Scientists from Weill Cornell Medicine and the New York Genome Center, in partnership with Oxford Nanopore Technologies, have introduced a new method for assessing the three-dimensional structure of the human genome, as well as how the genome folds, on a large scale. The genome is the entire set of genetic commands, either DNA or RNA, that allow an organism to operate.
Using this technique, the authors indicated that groups of concurrently conversing regulatory elements in the genome, instead of pairs of these components, could influence cell function, such as gene expression.
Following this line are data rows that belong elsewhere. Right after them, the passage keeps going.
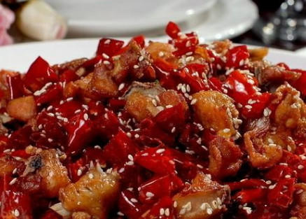 辣子鸡块是四川汉族风味名菜,属于川菜。用鸡脯肉加辣椒炒制而成。泡红辣椒是四川特产,为川菜的特有的调味料,色鲜亮、入口香嫩,同时花生香脆,新鲜微咸。
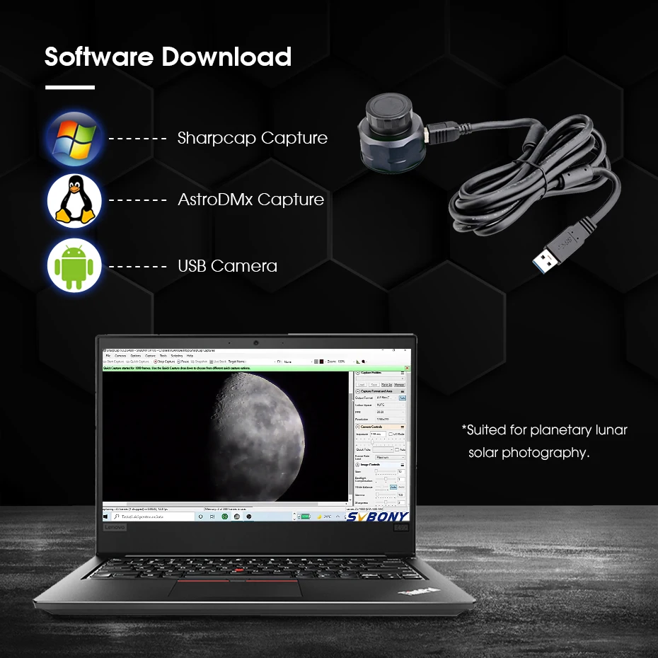 Plug and play without driver, easier to use. USB 3.0 is much faster than USB 2.0. And the camera supports a real-time dynamic observation and crystal clear image. The photosensitive area of the IMX415 is 1/3.2 inch, and the unit area per pixel is 1.4 microns. The sensitivity of the IMX415 has been significantly improved.
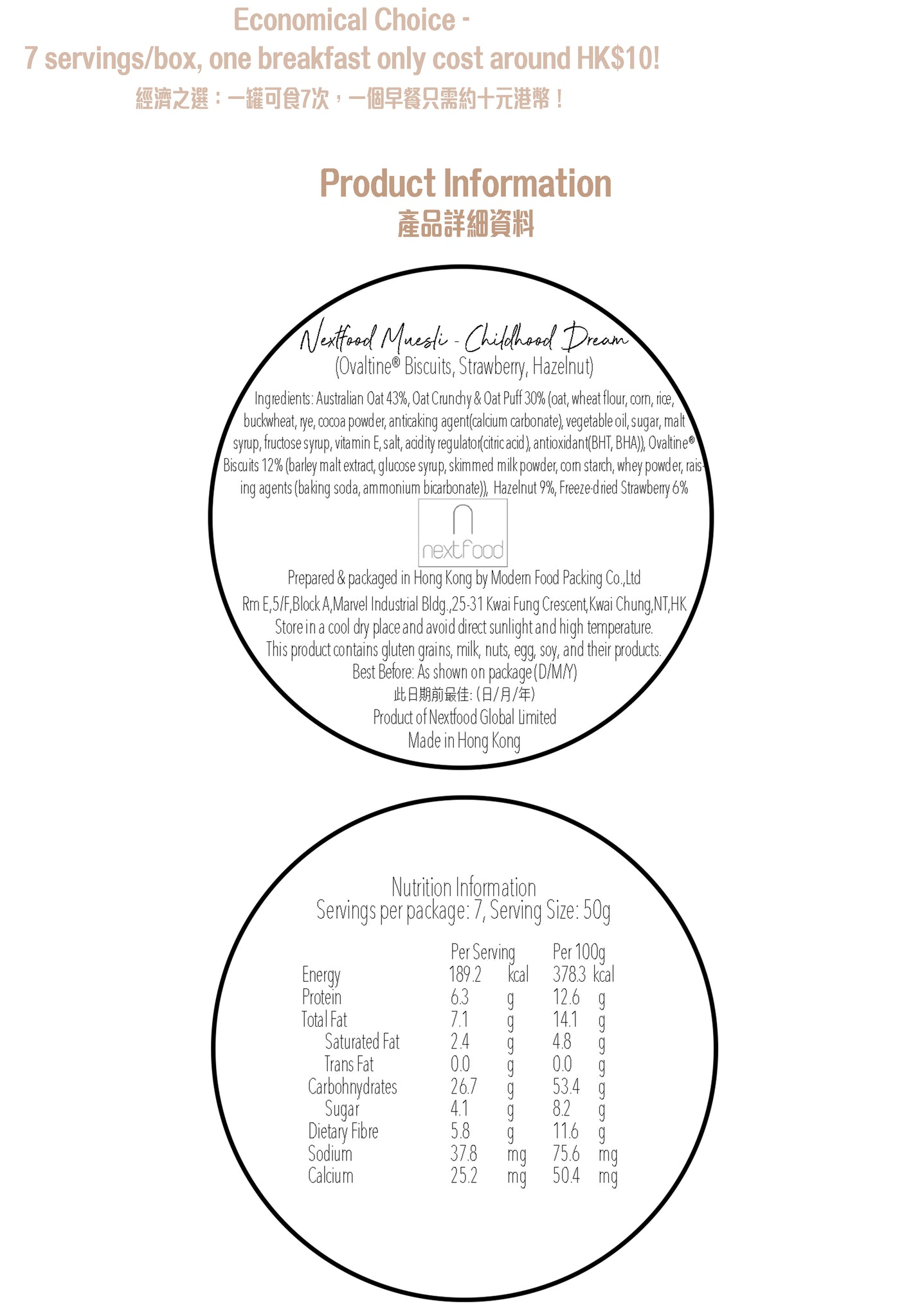 !!優惠!! Nextfood 即食燕麥片 - Childhood Dream (阿華田餅乾, 草莓 & 榛子) 350克
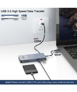 תחנת עגינה TYPE-C למגוון חיבורים כולל 3 יציאות מסך תומך MAC, WINDOWS, ANDROID בצבע אפור QGeeM | D6906P
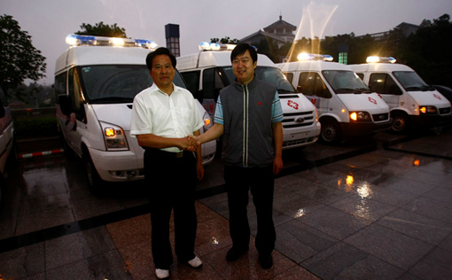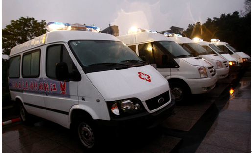 江鈴緊急趕制的5輛福特全順救護(hù)車一到達(dá)災(zāi)區(qū),立即被派往受災(zāi)前線救護(hù)受災(zāi)民眾。 |
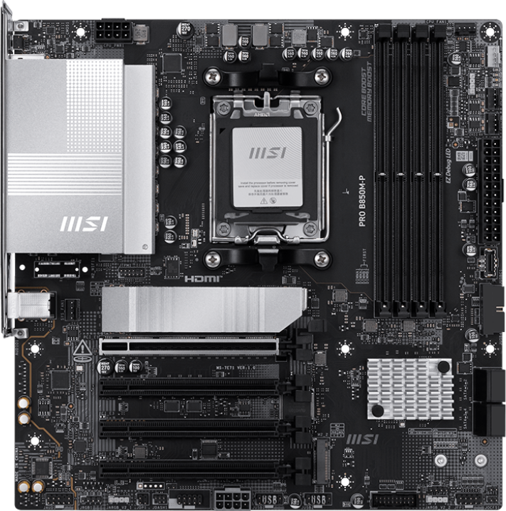Доставка в 75000 населённых пунктов, ТК СДЭК, Яндекс и Почта РФ Все формы оплаты для физических и юридических лиц! Онлайн конфигураторы ПК и сервера, бесплатная сборка. Гарантия 2 года! Широкий ассортимент комплектующих. Более 30 лет на рынке! 15 400 ₽ ID товара: 771213 Материнская плата MSI PRO B850M-P ОсновныеПроизводитель ........................................................................................................................................................................................................ Код производителя ........................................................................................................................................................................................................ PRO B850M-P Сокет ........................................................................................................................................................................................................ Чипсет ........................................................................................................................................................................................................ ПамятьТип памяти ........................................................................................................................................................................................................ Количество слотов памяти ........................................................................................................................................................................................................ Максимальный объём поддерживаемой памяти ........................................................................................................................................................................................................ 256 Гб Поддержка ........................................................................................................................................................................................................ AMD EXPO Дисковые контроллерыКонтроллер SATA ........................................................................................................................................................................................................ 4 x SATA-III (6 Гб/с) Поддержка RAID ........................................................................................................................................................................................................ 0, 1, 10 Слоты расширенияСлоты расширения ........................................................................................................................................................................................................ PCI-E 5.0 x16, 3 x PCI-E 3.0 x16, 3 x PCI-E M.2 Тип слотов M.2 ........................................................................................................................................................................................................ - Key M, 2280/2260 (PCIe 5.0 x4); - Key M, 2280/2260 (PCIe 4.0 x4); - Key M, 2280 (PCIe 4.0 x2). Поддерживаемые режимы PCI-Express ........................................................................................................................................................................................................ x16/x1/x1/x1 Аудио/ВидеоИнтегрированное видео ........................................................................................................................................................................................................ Звук ........................................................................................................................................................................................................ Аудио-контроллер ........................................................................................................................................................................................................ СетьСетевой интерфейс ........................................................................................................................................................................................................ 5 Gigabit Ethernet (5 Гбит/с) Сетевой контроллер ........................................................................................................................................................................................................ Realtek RTL8126VB ИнтерфейсыРазъёмы на задней панели ........................................................................................................................................................................................................ 4 x USB 2.0, 2 x USB 3.2 Gen1, USB 3.2 Gen2, USB 3.2 Gen2 Type-C, HDMI, DisplayPort, RJ-45 ДополнительноКоличество фаз питания ........................................................................................................................................................................................................ Радиатор на подсистеме питания (мосфетах) ................................................................................................................................................................................................
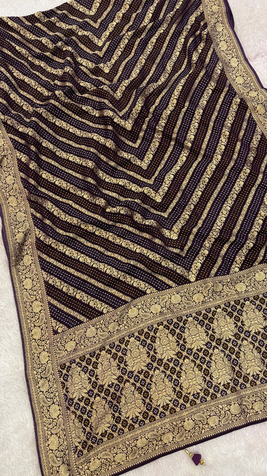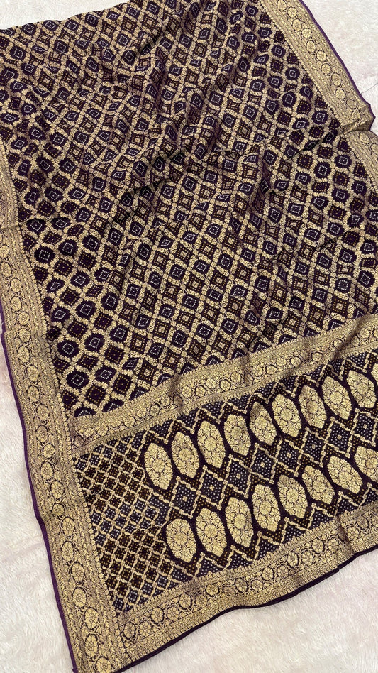 Traditional Khadi Georgette Banarasi Bandhej Saree (Wine) 3

Their findings, which were published in Nature Biotechnology on May 30th, 2022, may help spread light on the topic between genome structure and cellular authenticity.
Knowing the three-dimensional genome structure will help researchers better understand how the genome functions, and particularly how it encodes different cell identities.”
Dr Marcin Imieliński, Study Senior Author and Associate Professor, Pathology and Laboratory Medicine and Computational Genomics in Computational Biomedicine, Weill Cornell Medicine
“The ways that we’ve had to study genome structure have given us amazing insights, but there have also been key limitations,” he said.
Dr Imieliński was also a core member of the New York Genome Center.
Initial technology to evaluate the three-dimensional structure of the genome, for instance, has permitted scientists to examine how regularly two loci, or physical locations on the genome, communicate with one another. Historically, pairs of loci known as enhancers and promoters have been observed—components in the genome that communicate with one another to affect gene expression.
Knowledge of these pairings provides only a hazy picture of genome structure and function. Connecting a folding pattern to how the genome encodes for a specific cell authenticity, such as a liver, lung, or epithelial cell, for example, has been challenging, according to Dr Imieliski, who is also a member of Weill Cornell Medicine’s Englander Institute for Precision Medicine and the Sandra and Edward Meyer Cancer Center.
Researchers have speculated that this folding impacts gene expression. “But how cell types are encoded, particularly in the structure of DNA, has been a mystery,” he said.
Dr Imieliski and his research group, which included first author Aditya Deshpande, a recent graduate of the Tri-Institutional PhD Program in Computational Biology & Medicine who works in Dr Imieliski’s lab initiated a unique genome-wide assay and algorithm that enables them to study groups of loci rather than just pairs.
They adjusted Hi-C (chromatin conformation capture), a traditional technology that evaluates a mixture of DNA and protein to analyze three-dimensional genome structure, to nanopore sequencing, or the elevated sequencing of lengthy, constant strands of DNA molecules. The subsequent assay, Pore-C, allowed the researchers to notice tens of millions of three-dimensional locus groupings.
They also created quantitative methods for determining which locus groupings were significant based on whether they conversed cooperatively to influence gene expression.
“Many three-dimensional interactions of the genome are not important,” Dr Imieliński said. “Our analytic methods help us prioritize the group interactions that are likely to matter for genome function,” he added.
The scientists found that the most substantial cooperative groupings of DNA elements happened around genes related to cell identity, which was a significant point of the study.
Future research will look into which specific groups of genomic components are required for numerous stages of cell identity. The technological innovation may also aid researchers in better understanding how stem cells, the body’s immature master cells, distinguish into various cell types.
Furthermore, scientists may be able to better understand irregularities in cancer cells.
“In the future, this technology may help understand how cancer cell genomes are rearranged, and how those rearrangements drive the altered cell identities that enable cancers to grow and spread,” Dr. Imieliński said.
Source:
Journal reference:
Deshpande, A. S., et al. (2022) Identifying synergistic high-order 3D chromatin conformations from genome-scale nanopore concatemer sequencing. Nature Biotechnology. doi.org/10.1038/s41587-022-01289-z.